6 Holiday tips
1. When interacting it is best to not tell relatives, or parents, why you think their degree is useless.
- ie. “no mom, I am not going to take a Sociology course. Sociology is outdated.”
2. Hiding the cat in the snow does not impress anyone, except for the cat.
3. It is always best not to bring up religion or politics, especially with the older generation.
-ie. a.) “I shouldn’t have to say grace. It is inconsiderate to assume everyone at this table is religious”(although this is true, nobody cares, and you will get slapped upside the head, and/or, glared at for the entire meal)
b.) Grandma - i’m really excited to see the liberals win the election.
Uncle- they will put us in a deficite. Conservatives need to be in power.
Cousin- the conservatives are power hungry, money grubbers, the NDP are the only party that actually stands for the people.
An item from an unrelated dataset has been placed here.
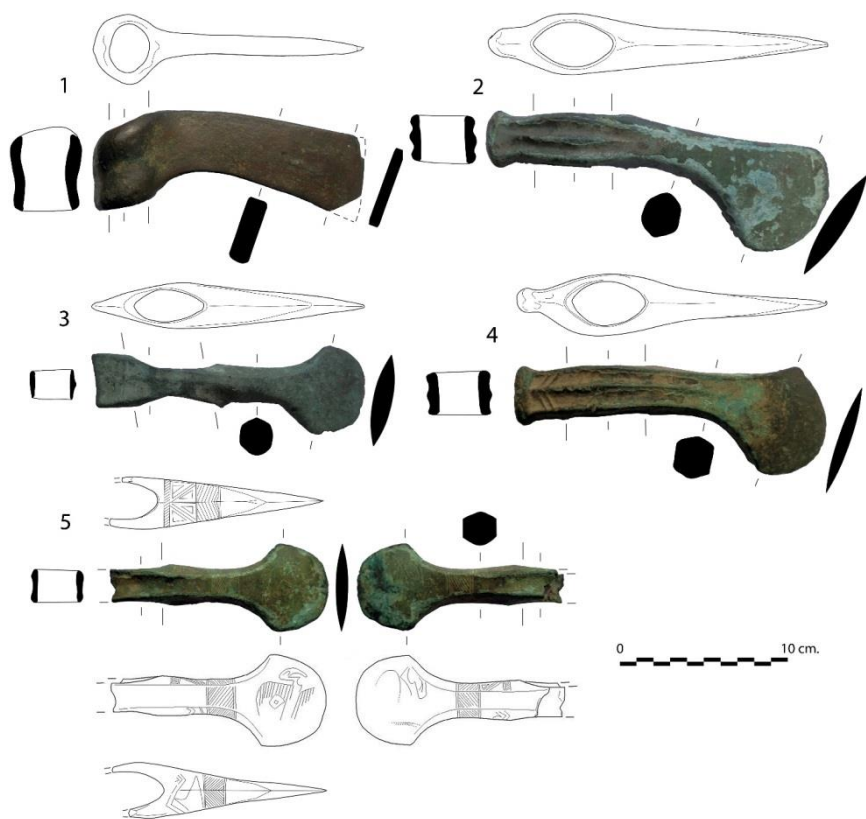
სურ. 2. ბრინჯაოს ცულები რიზეს მუზეუმიდან. 1. ყუამაილიანი ცული; 2-5. კოლხური ცულები.

Sister- The green party is nice.
*full on brawl*
4. Do not get involved when people are fighting over who’s recipe is better. If you are directly asked deflect the conversation to another food related topic. ( “Is something burning?”or, “We should have duck next year.”)Jazz hands and slowly walking backwards out of the room also works really well.
5. Do not wrestle with any child under 5, the magnets in their head will pull directly to any hard, sharp-edged surface, resulting in no-one talking to you for the rest of the day.
6. Teaching younger kids inappropriate Christmas song adaptations, is surprisingly frowned upon.